Jesse Friedman and Laura Hadden are cooking their way around the world.
The Brooklyn couple has set out on a multi-year project to throw a dinner party featuring the cuisine of each of the 193 United Nations member countries - in alphabetical order, no less. They document the experience, complete with pictures and recipes, on their blog, United Noshes.
Thus far, they’ve cooked 36 meals - starting with Afghanistan and ending with China.
“Ideally, I talk to someone who knows about the food,” Friedman says. They look for authentic recipes that might be served at a wedding or other big gathering. And when a country has many regional cuisines, like China, they try to at least hit the high points of each region.
Their location in New York City makes tracking down obscure ingredients a little easier, but on the occasions that they take their dinner parties on the road, some things aren’t as easy to find.
“There is no yak butter in Tacoma,” Friedman says. For the Bhutan dinner there, they used a mix of blue cheese and cream cheese as a substitute.
Hadden and Friedman say they're glad they’re doing the project alphabetically, as that tends to shake up and randomize the kind of food they’ll be cooking: Belize’s cuisine is different than Belgium’s, and they welcome the variety.

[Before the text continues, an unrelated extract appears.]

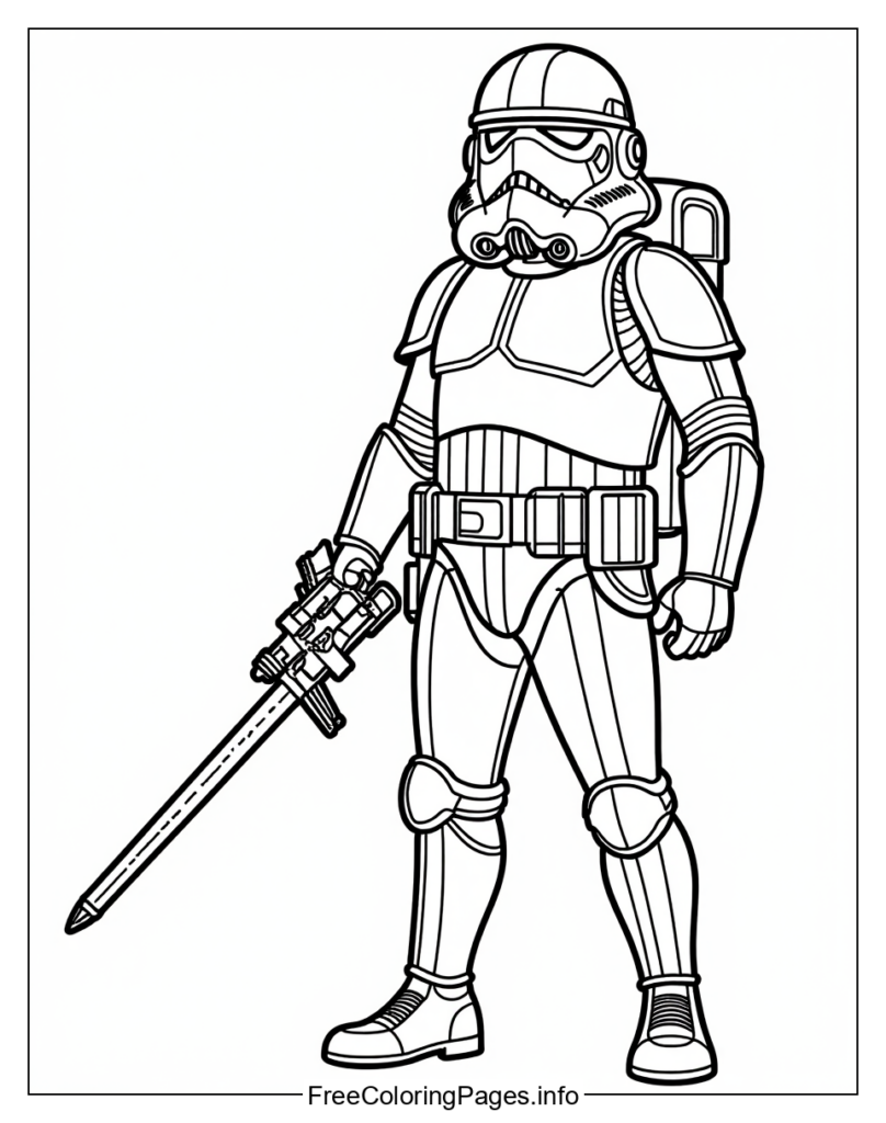 • Here are five coloring page ideas based on the Stormtrooper image:

Since undertaking the project almost a year ago, their pantry has grown quite a bit. When they complete a letter of the alphabet, they write "The Noshies," doling out such awards as “most fun to cook," “best music," “best cuisine” and “most exotic purchase.”

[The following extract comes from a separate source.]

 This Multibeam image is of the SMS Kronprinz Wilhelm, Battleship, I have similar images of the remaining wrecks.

Colombia is next, and they say they look forward to making to the national dish of bandeja paisa, a rustic platter of meats, rice and beans. For Cuba, they’re planning a pig roast in New Jersey.
They’re saving the United States for the grand finale sometime in 2017, and hope to have a gala potluck with food from each of the fifty states.
Every dinner ends with a brief appeal for donations from their guests to benefit the UN’s World Food Program. The donations are matched by Google, Friedman’s employer, and so far the WFP has received more than $6,000 as a result of their efforts.
"The World Food Program creates a sense of purpose for this. We’re enjoying this food from all around the world, and we’re taking a lot," says Friedman. "[Donating to the WFP] turns it from a feeling of excess privilege into really doing some good, especially when we’re eating food from places where there may not be an abundance of food.”
The average $20 donation from a guest, after matching, will provide 160 meals to people in disadvantaged countries.